-- Data excerpt follows --
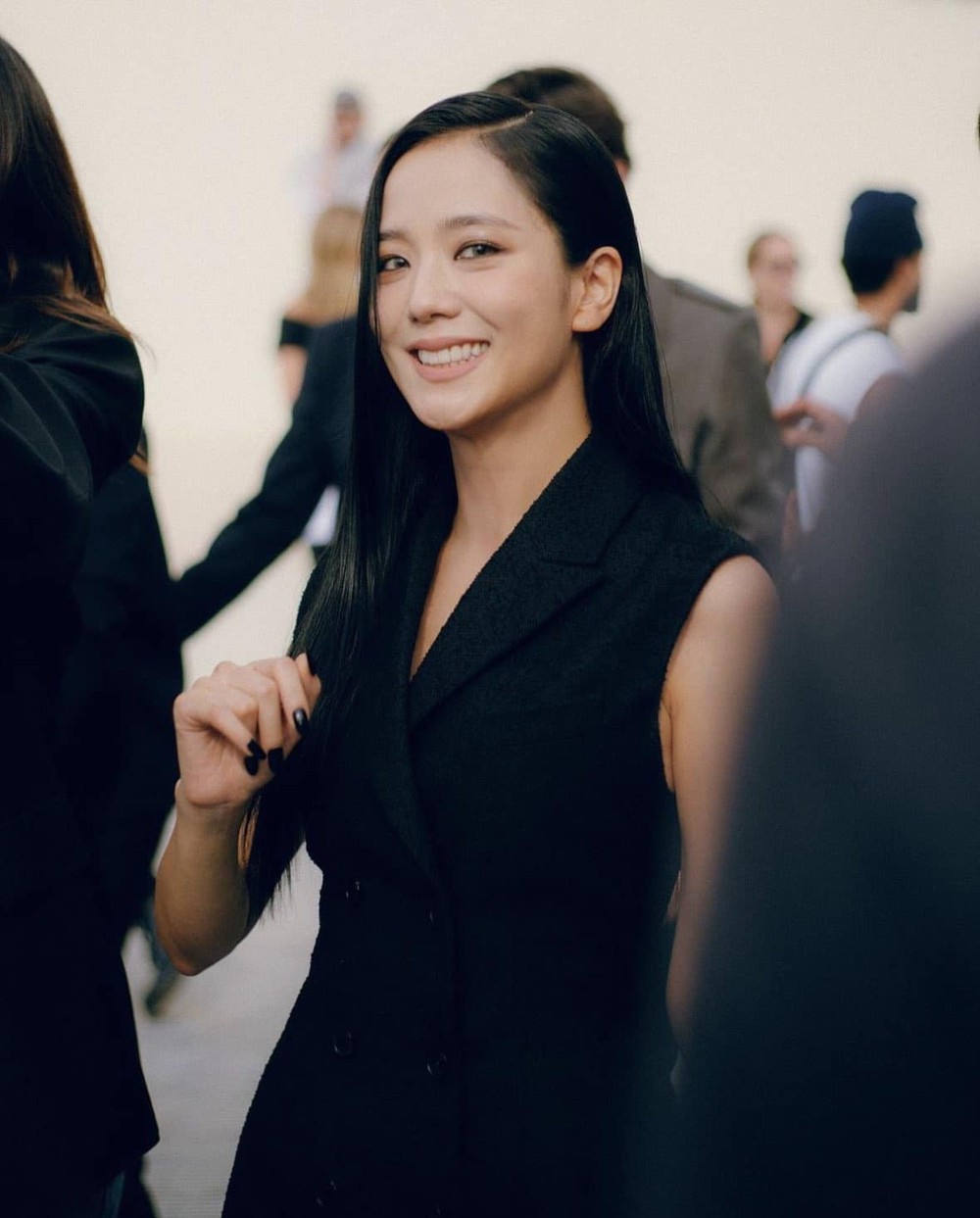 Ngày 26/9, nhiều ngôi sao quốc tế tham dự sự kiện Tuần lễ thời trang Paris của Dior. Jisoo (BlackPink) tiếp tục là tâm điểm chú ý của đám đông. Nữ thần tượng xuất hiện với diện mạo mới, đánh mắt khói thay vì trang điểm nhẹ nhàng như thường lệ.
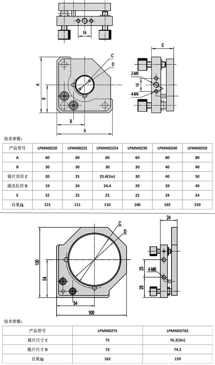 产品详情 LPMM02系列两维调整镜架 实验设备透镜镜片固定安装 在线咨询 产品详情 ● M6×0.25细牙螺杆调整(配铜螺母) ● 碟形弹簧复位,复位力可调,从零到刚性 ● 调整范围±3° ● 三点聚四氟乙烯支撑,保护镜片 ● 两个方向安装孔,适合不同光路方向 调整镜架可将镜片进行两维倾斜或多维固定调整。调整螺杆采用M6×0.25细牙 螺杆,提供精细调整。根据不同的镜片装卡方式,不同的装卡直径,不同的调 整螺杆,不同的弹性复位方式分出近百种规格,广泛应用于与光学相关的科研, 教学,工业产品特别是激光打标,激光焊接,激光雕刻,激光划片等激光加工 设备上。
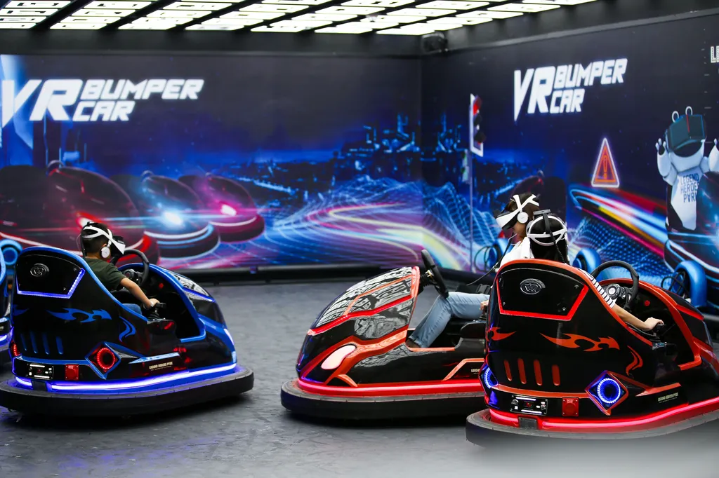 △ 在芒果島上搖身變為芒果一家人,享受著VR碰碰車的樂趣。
-- Data excerpt concluded --
• **Problem**
A faithful copy of the data is required: each word kept, each picture omitted.

• **Output of the task**
 Ngày 26/9, nhiều ngôi sao quốc tế tham dự sự kiện Tuần lễ thời trang Paris của Dior. Jisoo (BlackPink) tiếp tục là tâm điểm chú ý của đám đông. Nữ thần tượng xuất hiện với diện mạo mới, đánh mắt khói thay vì trang điểm nhẹ nhàng như thường lệ.
 产品详情 LPMM02系列两维调整镜架 实验设备透镜镜片固定安装 在线咨询 产品详情 ● M6×0.25细牙螺杆调整(配铜螺母) ● 碟形弹簧复位,复位力可调,从零到刚性 ● 调整范围±3° ● 三点聚四氟乙烯支撑,保护镜片 ● 两个方向安装孔,适合不同光路方向 调整镜架可将镜片进行两维倾斜或多维固定调整。调整螺杆采用M6×0.25细牙 螺杆,提供精细调整。根据不同的镜片装卡方式,不同的装卡直径,不同的调 整螺杆,不同的弹性复位方式分出近百种规格,广泛应用于与光学相关的科研, 教学,工业产品特别是激光打标,激光焊接,激光雕刻,激光划片等激光加工 设备上。
 △ 在芒果島上搖身變為芒果一家人,享受著VR碰碰車的樂趣。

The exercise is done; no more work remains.